Saved data entries
[Start of Attachment]

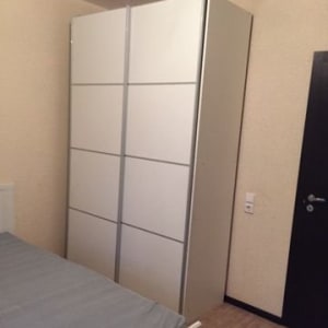 В комнате-кровать и шкаф
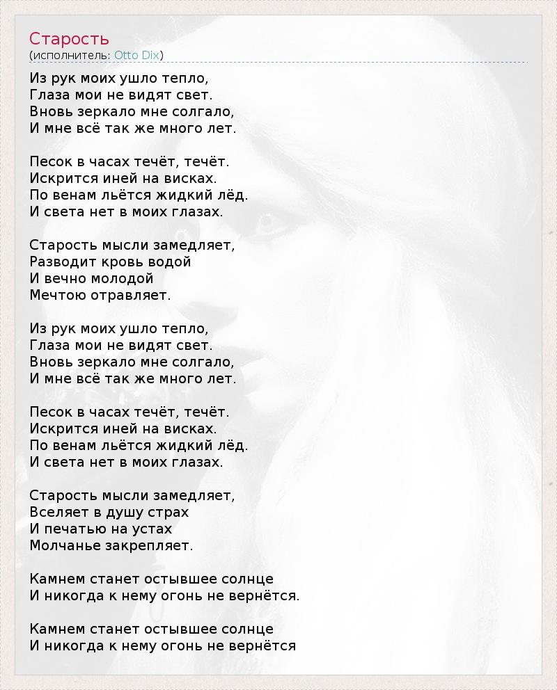 Из рук моих ушло тепло, Глаза мои не видят свет. Вновь зеркало мне солгало, И мне всё так же много лет. Песок в часах течёт, течёт. Искрится иней на висках. По венам льётся жидкий лёд. И света нет в моих глазах. Старость мысли замедляет, Разводит кровь водой И вечно молодой Мечтою отравляет. Из рук моих ушло тепло, Глаза мои не видят свет. Вновь зеркало мне солгало, И мне всё так же много лет. Песок в часах течёт, течёт. Искрится иней на висках. По венам льётся жидкий лёд. И света нет в моих глазах. Старость мысли замедляет, Вселяет в душу страх И печатью на устах Молчанье закрепляет. Камнем станет остывшее солнце И никогда к нему огонь не вернётся. Камнем станет остывшее солнце И никогда к нему огонь не вернётся
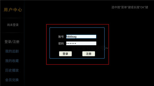 2、点击个人中心,输入账号和密码(要超过六位数),点击注册
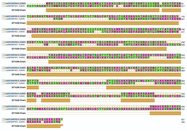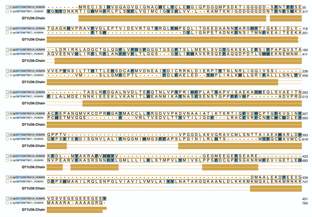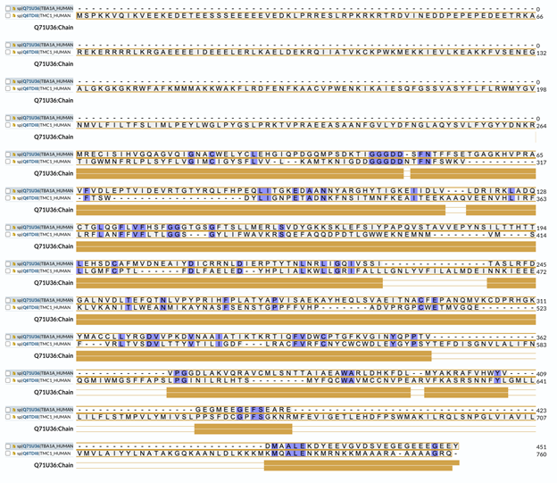 Figure 4 Results of alignment of human tubulin alpha 1A chain (upper line) and TMC1. The amino acids that occur more frequently in alpha-helices are highlighted (Pace and Scholtz 1998).
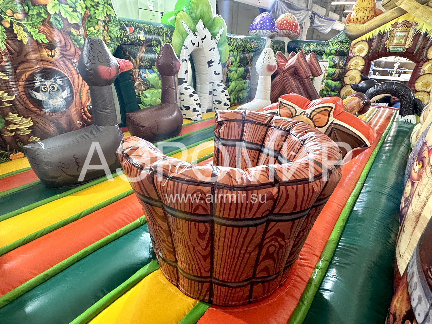 Кроме этого батут оснащен отличной большой горкой, высотой 4 метра и прыжковой зоной, тут каждый найдет себе занятие по душе. Весь аттракцион выдержан в народном стиле, его украшает полноцветная печать и надувные фигуры высокой степени детализации.
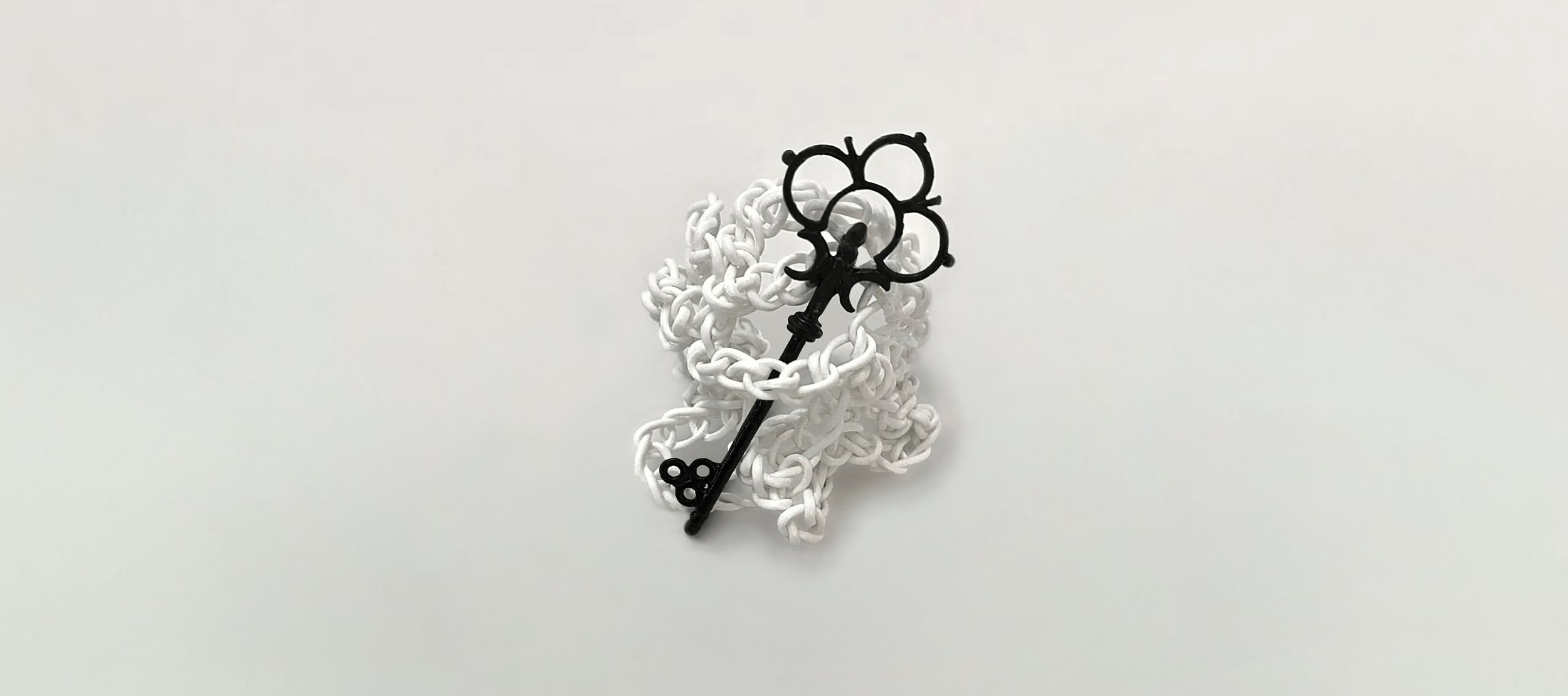 “Chiave di lettura” (“Interpretive key”) is a small-scale work that plays with the linguistic ambiguity of the very expression from which it takes its name. The piece gives physical form to the idiom, turning the metaphor into an object. The “chiave di lettura” becomes an actual key, suspended within a self-supporting white net.

[End of Attachment]

Problem:
Before duplicating, set the pictures aside; then output exactly the lines from the one with "мысли замедляет, Разводит" through the end of the records, and only those.

Written answer:
 Из рук моих ушло тепло, Глаза мои не видят свет. Вновь зеркало мне солгало, И мне всё так же много лет. Песок в часах течёт, течёт. Искрится иней на висках. По венам льётся жидкий лёд. И света нет в моих глазах. Старость мысли замедляет, Разводит кровь водой И вечно молодой Мечтою отравляет. Из рук моих ушло тепло, Глаза мои не видят свет. Вновь зеркало мне солгало, И мне всё так же много лет. Песок в часах течёт, течёт. Искрится иней на висках. По венам льётся жидкий лёд. И света нет в моих глазах. Старость мысли замедляет, Вселяет в душу страх И печатью на устах Молчанье закрепляет. Камнем станет остывшее солнце И никогда к нему огонь не вернётся. Камнем станет остывшее солнце И никогда к нему огонь не вернётся
 2、点击个人中心,输入账号和密码(要超过六位数),点击注册
 Figure 4 Results of alignment of human tubulin alpha 1A chain (upper line) and TMC1. The amino acids that occur more frequently in alpha-helices are highlighted (Pace and Scholtz 1998).
 Кроме этого батут оснащен отличной большой горкой, высотой 4 метра и прыжковой зоной, тут каждый найдет себе занятие по душе. Весь аттракцион выдержан в народном стиле, его украшает полноцветная печать и надувные фигуры высокой степени детализации.
 “Chiave di lettura” (“Interpretive key”) is a small-scale work that plays with the linguistic ambiguity of the very expression from which it takes its name. The piece gives physical form to the idiom, turning the metaphor into an object. The “chiave di lettura” becomes an actual key, suspended within a self-supporting white net.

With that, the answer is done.